BEGIN Data

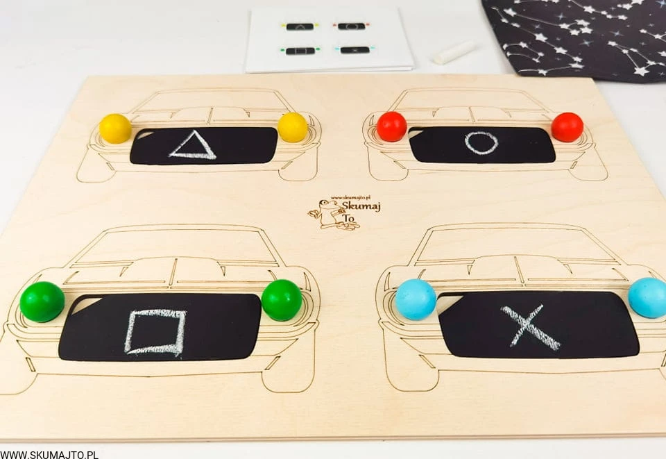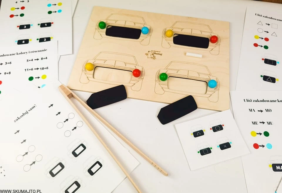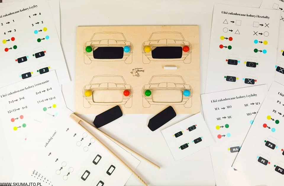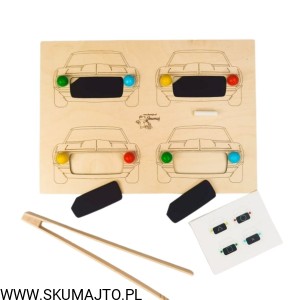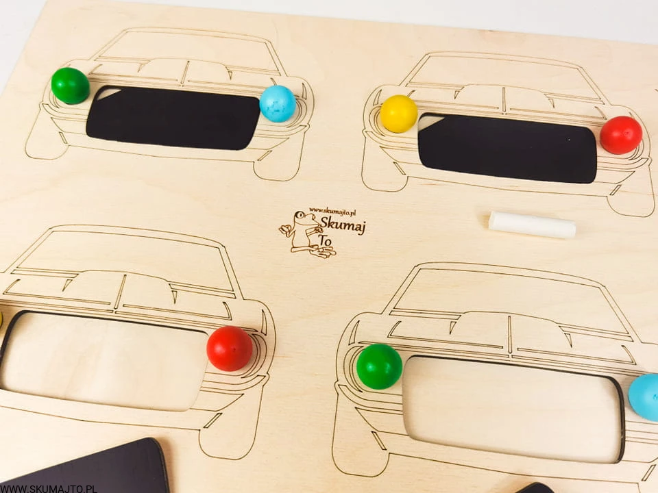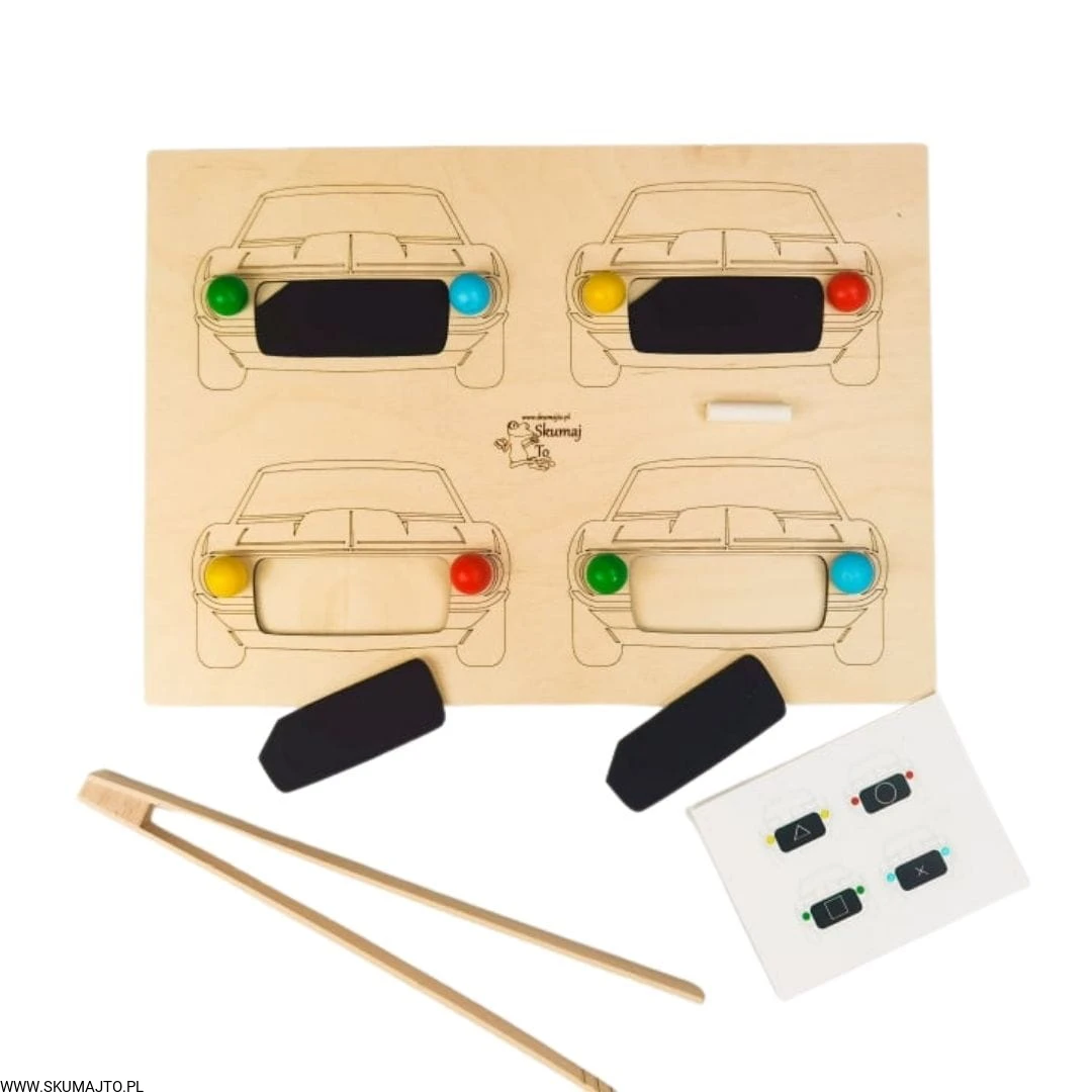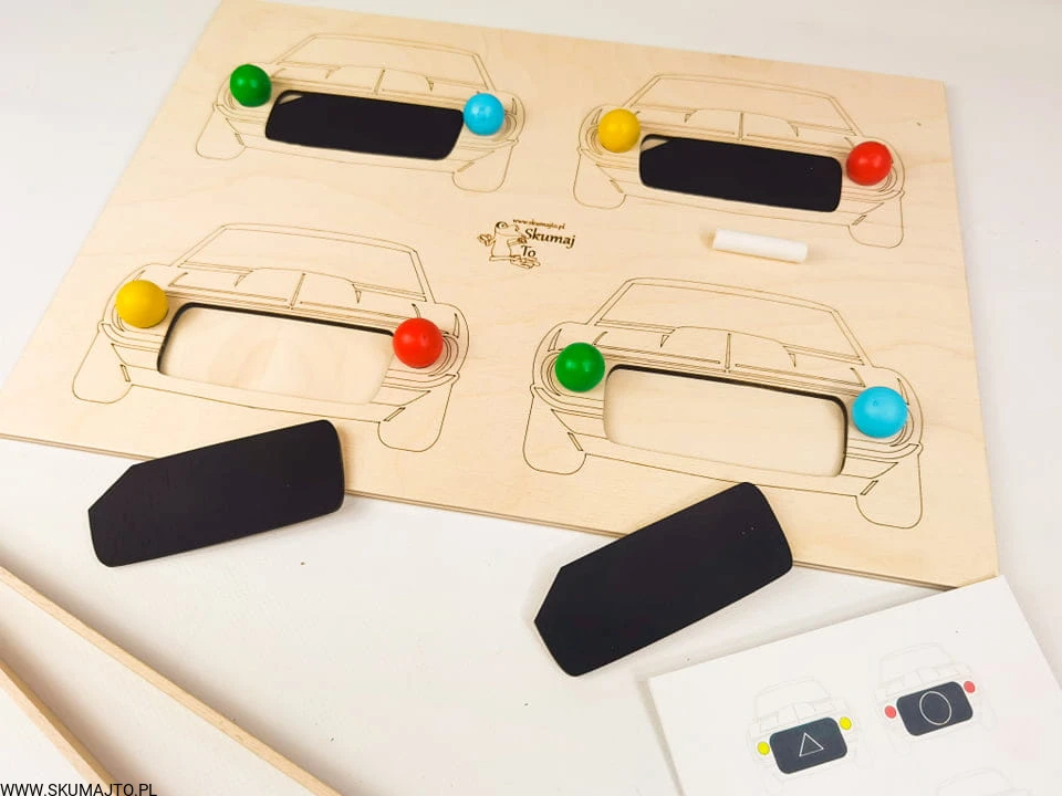 Auta, drewniana układanka, samochody, odwzorowywanie, nauka kolorów
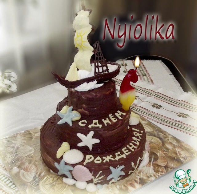 Вот такой торт получилось создать к самому главному для меня празднику - дню рождения любимого сына Парусник из шоколада: и сама лодка и паруса - был съеден именинником почти сразу же что невероятно приятно...
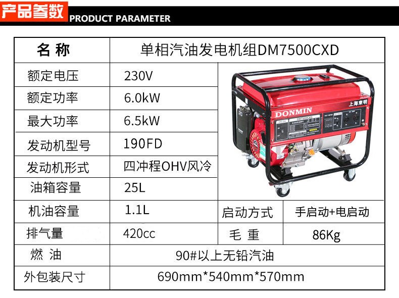 - 6KW三相汽油發(fā)電機組,鑰匙電啟動發(fā)電機DMS7500CXD
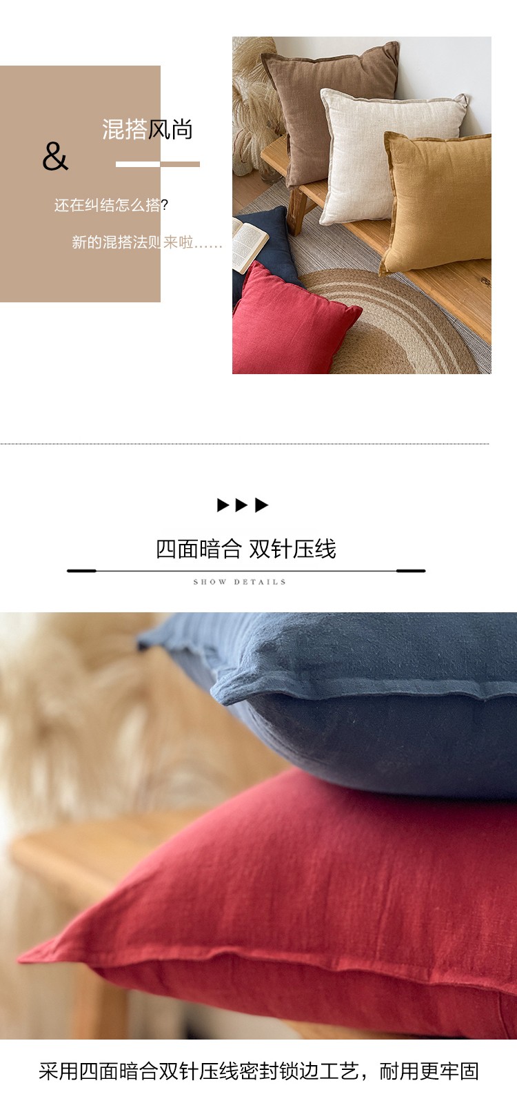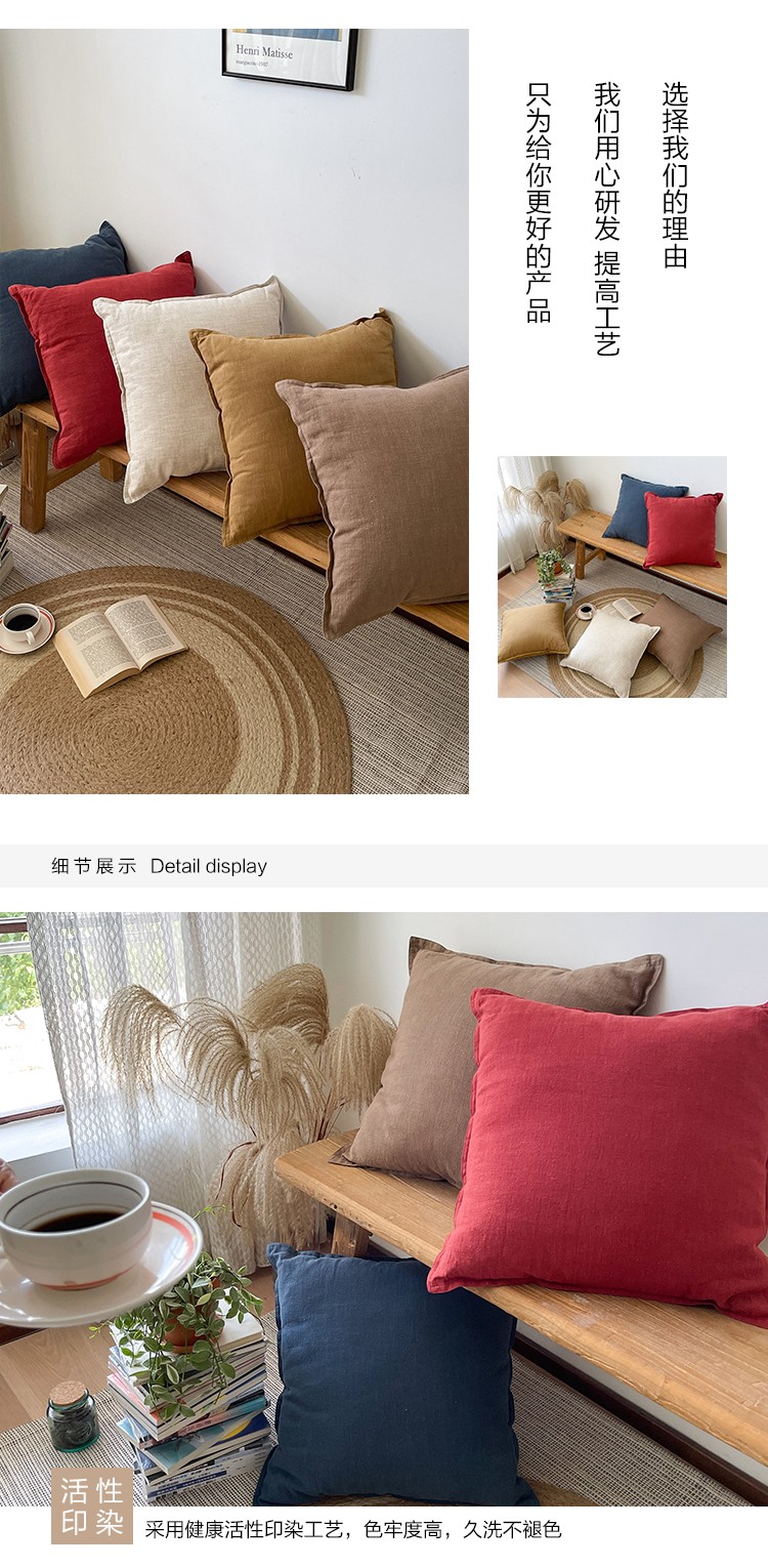 (总)美茉家居 2023新款棉麻双针抱枕,湖蓝,酒红,麻本,摩卡棕,土褐
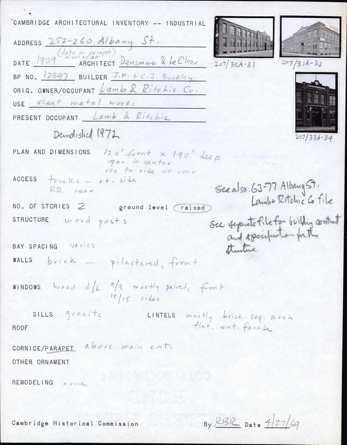 252-260 Albany St - Architectural Inventory Form
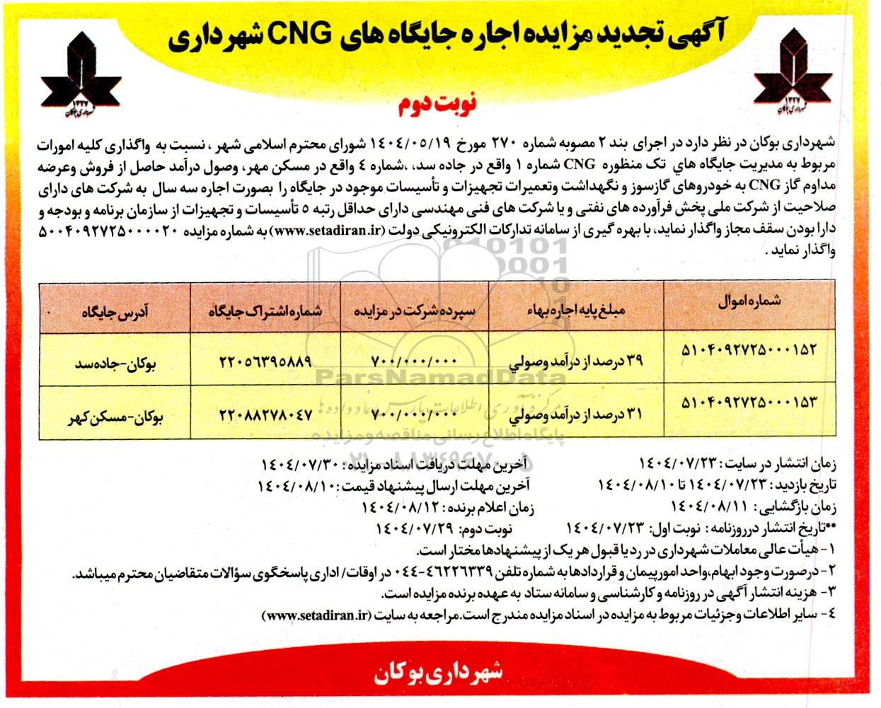 شهرداری بوکان در نظر دارد در اجرای بند 2 مصوبه شماره 270 مورخ 1404.5.19 شورای محترم اسلامی شهر نسبت به واگذاری کلیه امورات مربوط به مدیریت جایگاه های تک منظوره CNG شماره 1 واقع در جاده سد، شماره 4 واقع در مسکن مهر، وصول درآمد حاصل از فروش و عرضه مداوم گاز CNG به خودروهای گازسوز و نگهداشت و تعمیرات تجهیزات و تأسیسات موجود در جایگاه را بصورت اجاره سه سال به شرکت های دارای صلاحیت از شرکت ملی پخش فرآورده های نفتی و یا شرکتهای فنی مهندسی دارای حداقل رتبه 5 تأسیسات و تجهیزات از سازمان برنامه و بودجه و دارا بودن سقف مجاز واگذار نماید با بهره گیری از سامانه تدارکات الکترونیکی دولت ستاد ایران به شماره مزایده 5004092725000020 واگذار نماید .
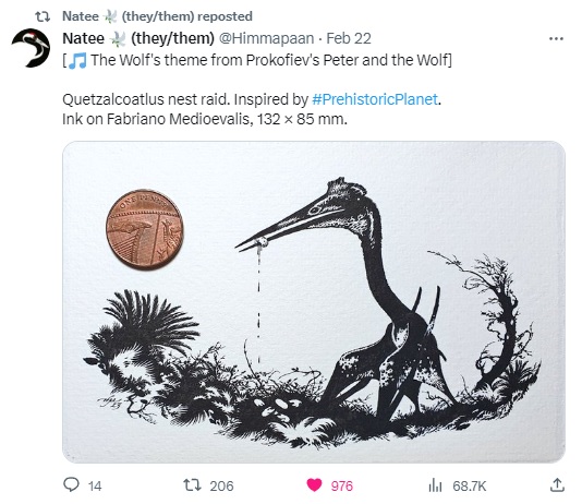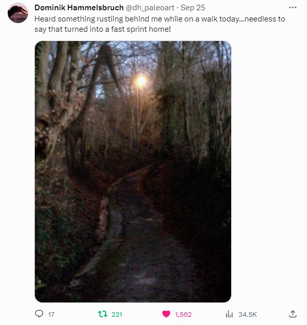 As I mentioned previously, this thread kicked off a wave of users getting in on the action, which included some extra love for a few creative pieces that actually preceded this trend, but got new life in the flurry of fresh excitement. Starting with a few of the latter, CoolioArt reposted a Deinonychus he had modeled in Blender, which I thought was a physical model at first glance! Natee Himmapaan reposted a dromaeosaur and a Quetzalcoatlus devouring a recent meal; the former now given the title “Dénouement”, in reference to the likely outcome of many of these “sightings”! Aldrich Hezekiah (AKA Kiabugboy) uniquely shared a non-reptilian creature in the form of the massive griffinfly Meganeura stuck near a doorway. There’s something that’s almost so mundanely familiar about this one, as my own front porch seems to gather bugs in some kind of instinctual trap, where they can’t seem to figure out that they can’t push through the brick corner, and so I could almost feel myself in the viewer’s place for this one.
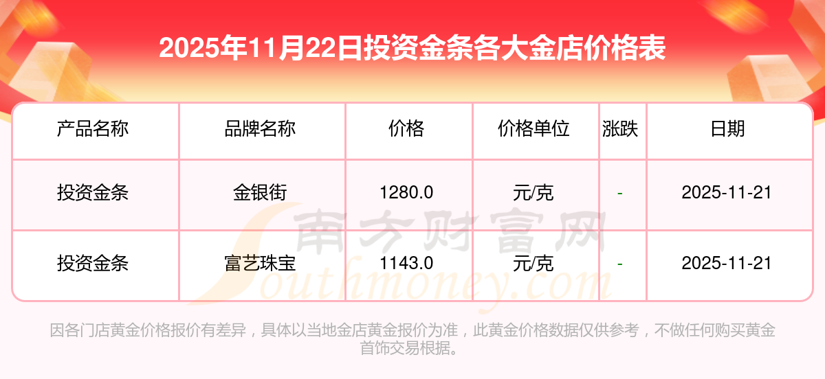 目前,投资金条最高的金店为金银街,报价1280.0元/克。而投资金条最低的金店是富艺珠宝,报价1143.0元/克。今日投资金条高低差为137元/克。
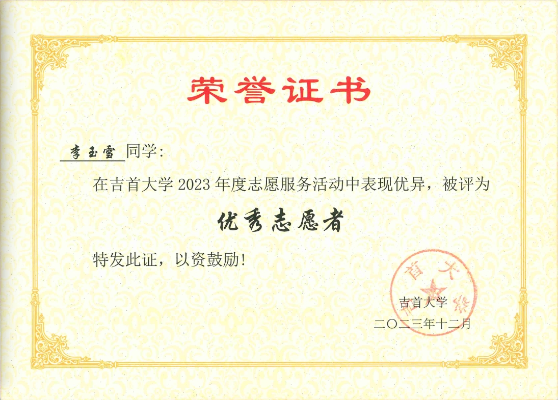 2023年暑假,她响应号召参加由田家炳基金会支持、科技教育协会·春雷公益主办的“ESS科学夏令营”乡村支教活动,赴张家界市桑植县茅岩河镇小学支教七天。她担任科学与美术老师,用科学实验激发孩子好奇心,用画笔引导孩子描绘梦想。七天支教让她体会到公益是双向治愈与成长,是“用一个灵魂去唤醒另一个灵魂”的过程。因支教表现突出,她获“优秀志愿者”称号,又因日常持续投身志愿服务,荣获校级优秀志愿者荣誉,展现了新时代青年的社会责任感。
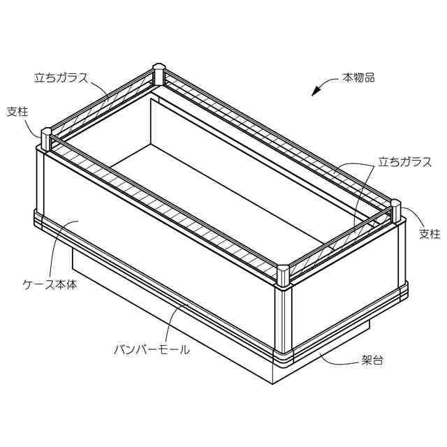 本物品は、平型のオープンショーケースである。オープンショーケースは、上面が開口する四角箱状のケース本体と、ケース本体の下側に配され同ケースを支持する架台と、四隅に支柱を有する四角枠状に構成され、ケース本体の上縁に立設される立ちガラスとを備えている。ケース本体の下部には、バンパーモールが周回状に装着されており、このバンパーモールでケース本体を保護している。
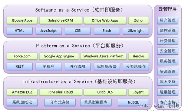 在管理方面,主要以云的管理层为主,它的功能是确保整个云计算中心能够安全和稳定的运行,并且能够被有效地管理,主要包括用户管理、监控系统、计费管理、安全管理、服务管理、资源管理、容灾支持、运维管理、客户支持几个方面。
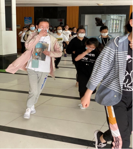 2020年5月18日上午,随着广播里一声令下,初二年级防灾减灾应急疏散演练正式开始。
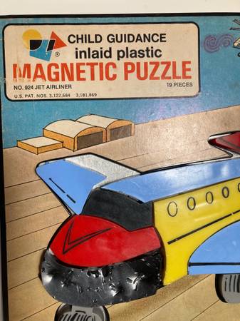 Theee puzzles from A child guidance toy Vintage Disney A Child Guidance Toy Donald Duck Puzzle 1964 No. 951 Puffy the tugboat #904 Jet Airliner #924 One small yellow piece missing and one black...
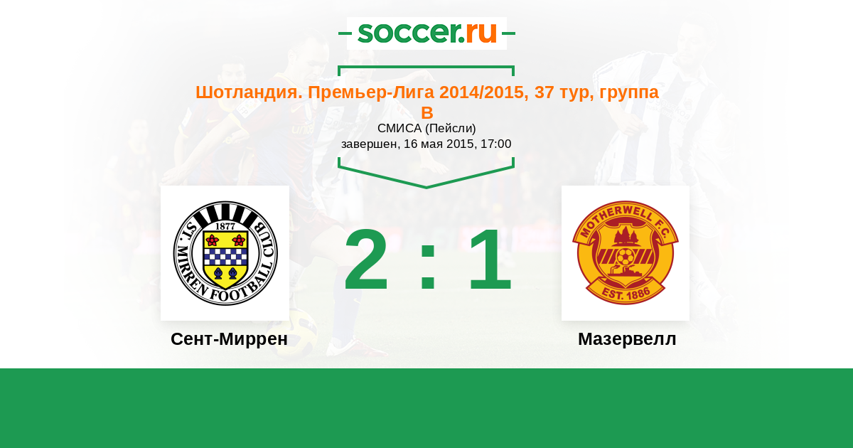 Шотландия. Премьер-Лига 07.04.2015 Мазервелл Логотип футбольный клуб Мазервелл 5:0 Логотип футбольный клуб Сент-Миррен (Пейсли) Сент-Миррен
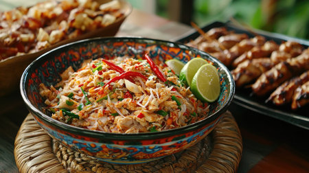 A vibrant bowl of Thai noodles garnished with fresh vegetables, lime slices, and colorful flowers, served on a rustic wooden table. Ideal for food lovers.
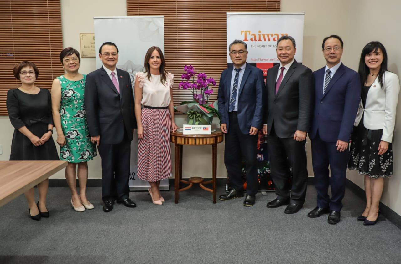 駐巴拉圭周麟大使於108年5月8日下午陪同台灣糖業股份有限公司黃董事長育徵、外交部拉美司俞司長大 、國合會史副秘書長立軍及台糖陳副執行長黎珍赴巴國總統官邸,拜會並致贈第一夫人席凡娜(Silvana Abdo)由台糖培育出的新品種蝴蝶蘭苗。

END Data

Exercise description: Please return the data above exactly as it stands from the line with "252-260 Albany St" to the line with "شهرداری بوکان در", keeping both of those lines but none of the pictures.

Response to the exercise:
 252-260 Albany St - Architectural Inventory Form
 شهرداری بوکان در نظر دارد در اجرای بند 2 مصوبه شماره 270 مورخ 1404.5.19 شورای محترم اسلامی شهر نسبت به واگذاری کلیه امورات مربوط به مدیریت جایگاه های تک منظوره CNG شماره 1 واقع در جاده سد، شماره 4 واقع در مسکن مهر، وصول درآمد حاصل از فروش و عرضه مداوم گاز CNG به خودروهای گازسوز و نگهداشت و تعمیرات تجهیزات و تأسیسات موجود در جایگاه را بصورت اجاره سه سال به شرکت های دارای صلاحیت از شرکت ملی پخش فرآورده های نفتی و یا شرکتهای فنی مهندسی دارای حداقل رتبه 5 تأسیسات و تجهیزات از سازمان برنامه و بودجه و دارا بودن سقف مجاز واگذار نماید با بهره گیری از سامانه تدارکات الکترونیکی دولت ستاد ایران به شماره مزایده 5004092725000020 واگذار نماید .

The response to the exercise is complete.